Generate a Parquet file from a StreamingTileGenerator2D.

Parameters:

Name Type Description Default
generator

A StreamingTileGenerator2D with fragments already added.

required
output_path str | Path

Path for the output .parquet file (or directory if partitioned).

required
world_bounds tuple[float, float, float, float]
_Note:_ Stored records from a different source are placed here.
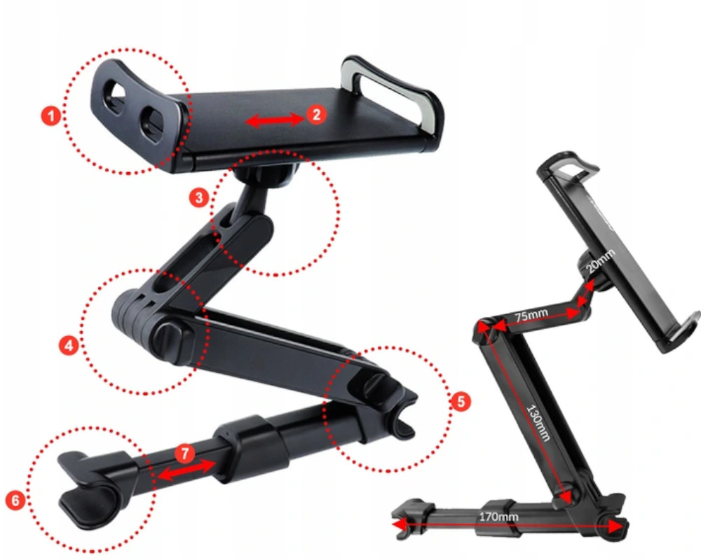 Держатель для телефона/планшета в подголовнике автомобиля – это фантастическое решение, позволяющее развлекать пассажиров во время длительных автомобильных поездок. Оно понравится и детям, и взрослым. Ручка имеет эргономичную конструкцию, чтобы ваши руки, голова или шея не уставали от неудобного положения удержания устройства.
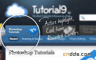 在大多数情况下,博客导航放在页面的同时将分类作为第二导航放在页面的边栏。Tutorial9做了一件了不起的事情,他把浏览者关心的photoshop资源以生动的方式展现出来了,并且在鼠标经过二级导航的时候有一个高亮效果。
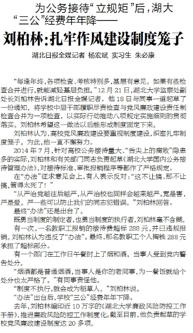 刘柏林认为,高校党风廉政建设要重视制度建设,织密扎牢制度笼子。为此,他一直不懈努力。

World bounding box (xmin, ymin, xmax, ymax).

required
compression str

Parquet compression codec (default "zstd").

'zstd'
compression_level int

Compression level (default 3).

3
batch_size int

Number of fragments to process per batch (streaming mode).

50000
partitioned bool

If True, write partitioned output (one file per zoom level).

False
max_batch_bytes int

Byte budget per batch (default 2 GB).

_DEFAULT_MAX_BATCH_BYTES
simplify bool

If True (default), apply Douglas-Peucker simplification at coarse zoom levels for polygons and linestrings.

True

Returns:

Type Description
int

Number of rows written.

Source code in src/mudm_tools/tiling2d/parquet_writer.py
def generate_parquet(
    generator,
    output_path: str | Path,
    world_bounds: tuple[float, float, float, float],
    *,
    compression: str = "zstd",
    compression_level: int = 3,
    batch_size: int = 50_000,
    partitioned: bool = False,
    max_file_bytes: int = _DEFAULT_MAX_FILE_BYTES,
    max_batch_bytes: int = _DEFAULT_MAX_BATCH_BYTES,
    simplify: bool = True,
) -> int:
    """Generate a Parquet file from a StreamingTileGenerator2D.

    Args:
        generator: A StreamingTileGenerator2D with fragments already added.
        output_path: Path for the output .parquet file (or directory if partitioned).
        world_bounds: World bounding box (xmin, ymin, xmax, ymax).
        compression: Parquet compression codec (default "zstd").
        compression_level: Compression level (default 3).
        batch_size: Number of fragments to process per batch (streaming mode).
        partitioned: If True, write partitioned output (one file per zoom level).
        max_batch_bytes: Byte budget per batch (default 2 GB).
        simplify: If True (default), apply Douglas-Peucker simplification at
            coarse zoom levels for polygons and linestrings.

    Returns:
        Number of rows written.
    """
    has_streaming = hasattr(generator, "_init_parquet_stream")

    if not has_streaming:
        return _generate_parquet_inmemory(
            generator,
            output_path,
            world_bounds,
            compression=compression,
            compression_level=compression_level,
            simplify=simplify,
        )

    if partitioned:
        return _generate_parquet_partitioned_streaming(
            generator,
            output_path,
            world_bounds,
            compression=compression,
            compression_level=compression_level,
            batch_size=batch_size,
            max_file_bytes=max_file_bytes,
            max_batch_bytes=max_batch_bytes,
            simplify=simplify,
        )

    return _generate_parquet_single_streaming(
        generator,
        output_path,
        world_bounds,
        compression=compression,
        compression_level=compression_level,
        batch_size=batch_size,
        max_batch_bytes=max_batch_bytes,
        simplify=simplify,
    )

read_parquet

read_parquet(
    path: str | Path,
    *,
    zoom: int | None = None,
    feature_id: int | None = None,
    tile_x: int | None = None,
    tile_y: int | None = None,
) -> list[dict]

Read rows from a tiled 2D Parquet file.

Returns a list of dicts with

zoom, tile_x, tile_y, feature_id, geom_type, positions (np.float32 [N,2]), indices (np.uint32 [M]), ring_lengths (list[int]), tags (dict[str, str]).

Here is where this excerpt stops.